Now the Court of Audit, after investigation and inspection of the manner of privatization, performance, and status of Haft Tappeh Sugar Cane Company in Khuzestsan, has called for the cancellation of the privatization contract, which in fact indicates that workers are approaching one of their demands.
However, Haft Tappeh Workers’ Union’s Telegram channel, on Monday, September 7, in response to this decision by the Court of Audit, announced a one-day suspension of strikes and protests with the publication of a statement that read: “Greater victories are ahead!”
In this statement, it was mentioned: “In these circumstances, it can be said that workers have achieved their first victory and taken a step forward, because with their strike, they forced parliamentary representatives to account. However, complete removal from the private sector was one of the original demands of workers that must be realized.”
The statement stated that “Haft Tappeh workers know well that until complete removal from the private sector, the struggle continues, and the problem is not solved only by Asdbigi and Rostami and their associates leaving, but rather the private sector arrangement must be dismantled, because it is not only the pieces of this game that need to be changed.”

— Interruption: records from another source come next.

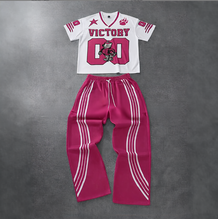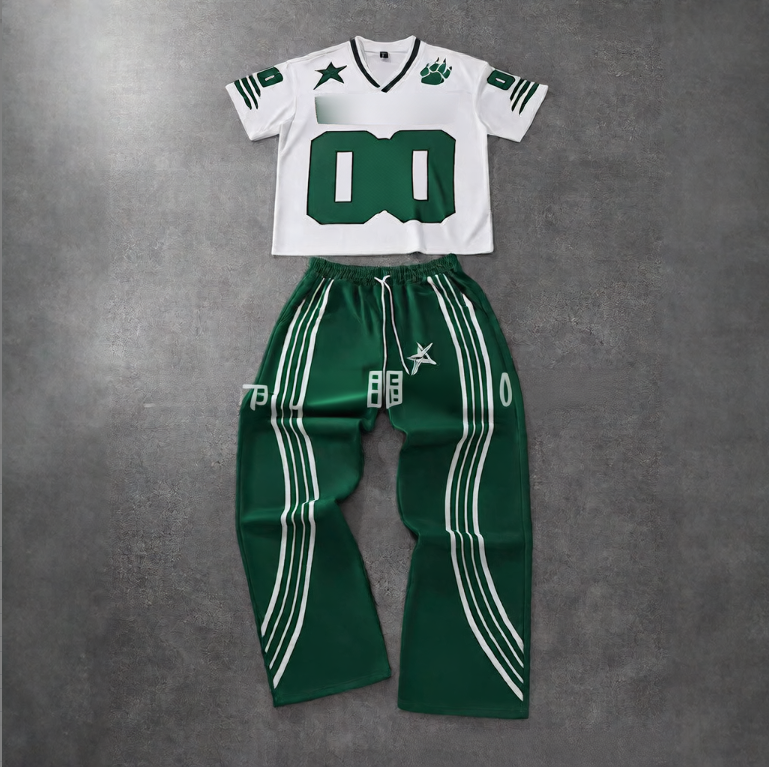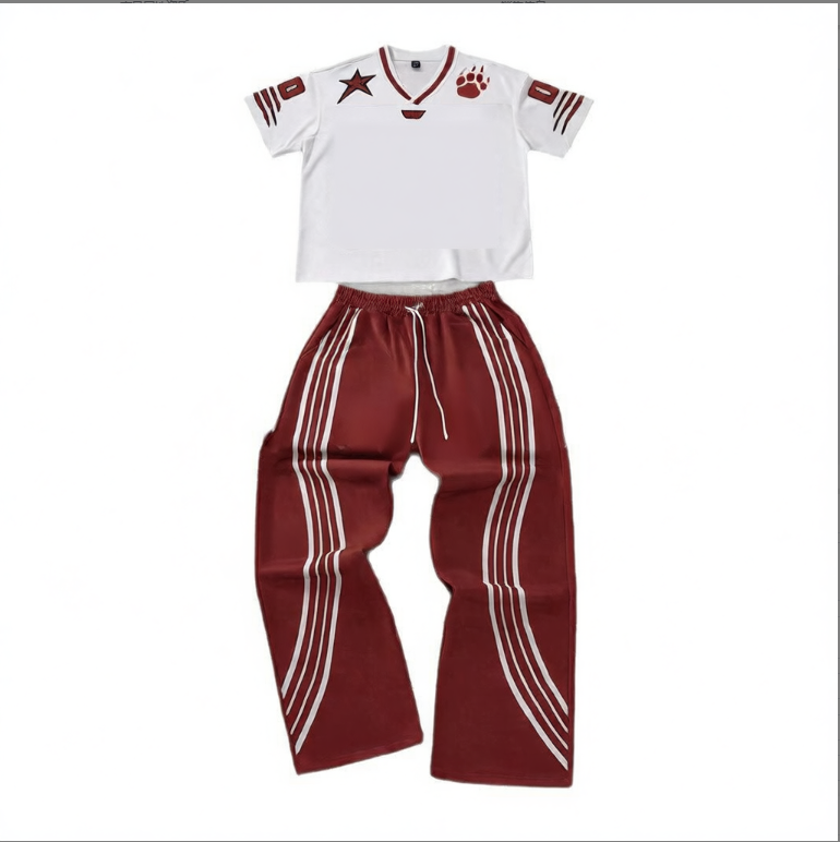 Style: Light and casual, non-hooded, short-sleeve T-shirt with long pants.
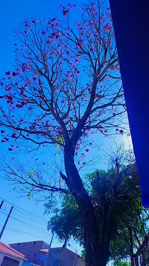 gente olha a árvore da frente da minha loja Hoje amanheceu linda cheia de flores Deus é perfeito glória a Deus que ele abre linda que tá hoje
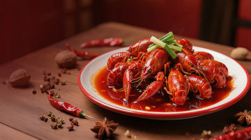 一碗盛满鲜红诱人小龙虾的白色瓷碗,小龙虾堆得满满当当,壳色红亮,肉质饱满,浸泡在橙红色的浓郁汤汁中,汤汁表面漂浮着翠绿的葱花和鲜红的辣椒段。一只小龙虾正从碗中跃起,姿态生动,溅起金色的汤汁飞沫与几颗花椒,旁边还有两颗八角也随之飞起。碗的周围散落着几颗完整的八角和鲜红的小辣椒,营造出热辣鲜香的氛围。背景变换为温馨雅致的木质餐桌,桌面上铺着浅灰色的餐布,散落着几片翠绿的香菜叶和几颗白芝麻,整体光线柔和温暖,突出小龙虾的诱人色泽和菜品的精致感,高清晰度,写实风格,色彩鲜明,构图饱满,富有食欲。
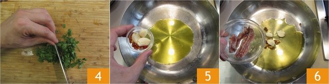 Wash, dry, and chop the parsley 4. Bring a pot of water to a boil to cook the pasta, salting it to taste once boiling. In the meantime, add the oil, whole peeled garlic cloves, chopped dried chili 5, and anchovies 6 to a large frying pan.
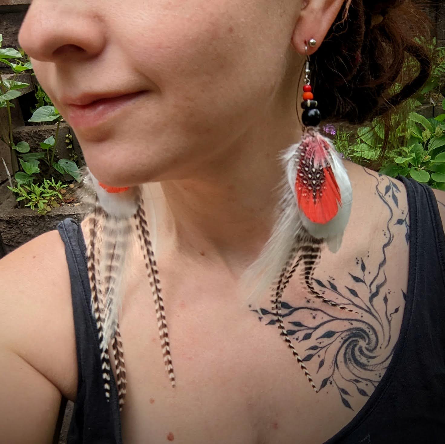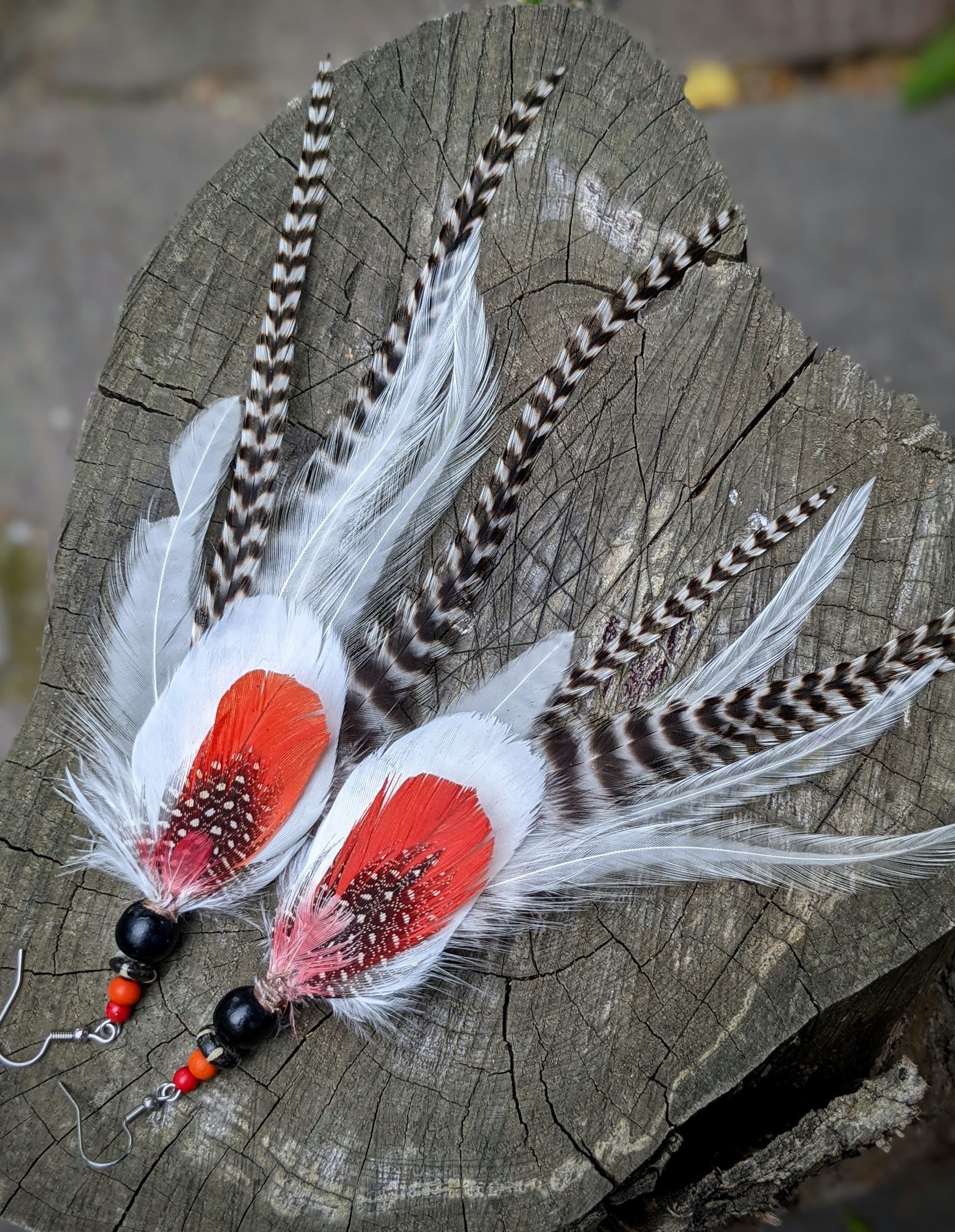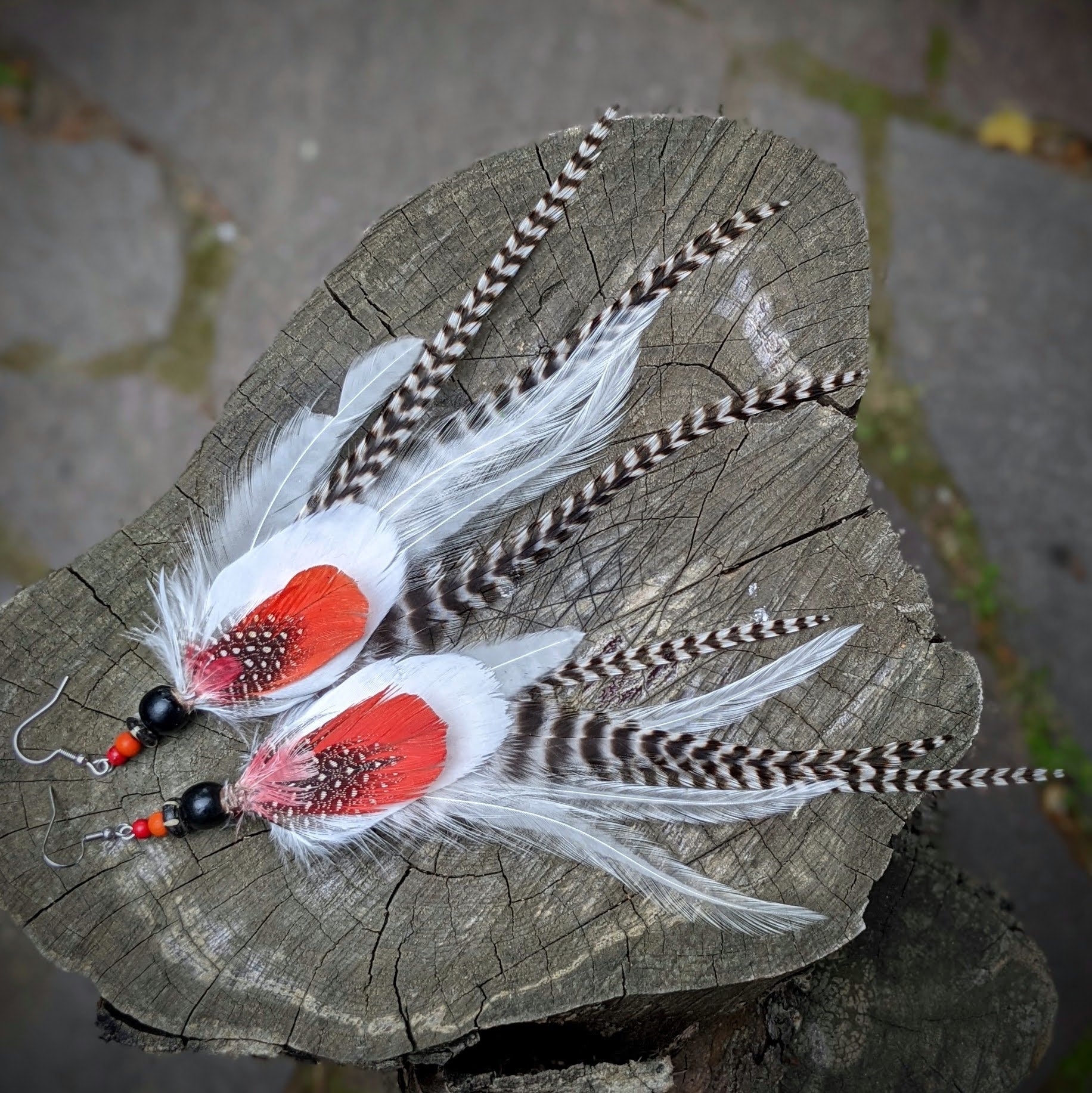 Výrazné peříčkové náušnice (labuť, perlička, kohout...) doplněné kostěnými a dřevěnými korálky. Háčky jsou z chirurgické oceli, dodávám se silikonovými zarážkami. Délka ozdobné části náušnic je až 20 cm.

The workers’ union statement emphasized that “Haft Tappeh ownership should not be in the hands of any other individual, organization, or institution. Haft Tappeh workers are the only ones who can best manage and administer the Haft Tappeh Sugar Cane Agro-Industrial Company.”
Meysam Al-Mahdi, a labor rights activist, says that the possibility of canceling the privatization contract to the private sector does not at all mean that in the coming months and quickly the problems and hardships of Haft Tappeh workers will be resolved.
Mr. Al-Mahdi says that if this privatization is canceled, there will be three possible futures for factory management; one is that, as some protesting workers say, factory management is returned to the government. That is, the situation that existed before privatization to the private sector. The second scenario is that factory management, as a large section of workers demands, is managed in council form with council management by workers. The third possible case for determining factory management would be the transfer of this factory to another individual or individuals in the private sector. A path that, according to Mr. Al-Mahdi’s view, is the government’s final choice for managing this factory.
Meysam Al-Mahdi told Iran’s Human Rights Campaign that “these government officials were the ones who no longer wanted the current management, and the change of Asdbigi’s management and cancellation of factory privatization did not happen because of workers’ demands and their protests.”
This labor rights activist says that all government organs, from the government and privatization organization and social security to the judiciary, have joined hands to increase pressure on the working class and workers’ protests and strikes.
This labor rights activist says that with the expansion of worker protests in Iran and the spread of these protests from southern factories to other factories throughout Iran, such as Isfahan and Arak, it will cause us to witness a very widespread wave of worker protests and strikes in the coming months.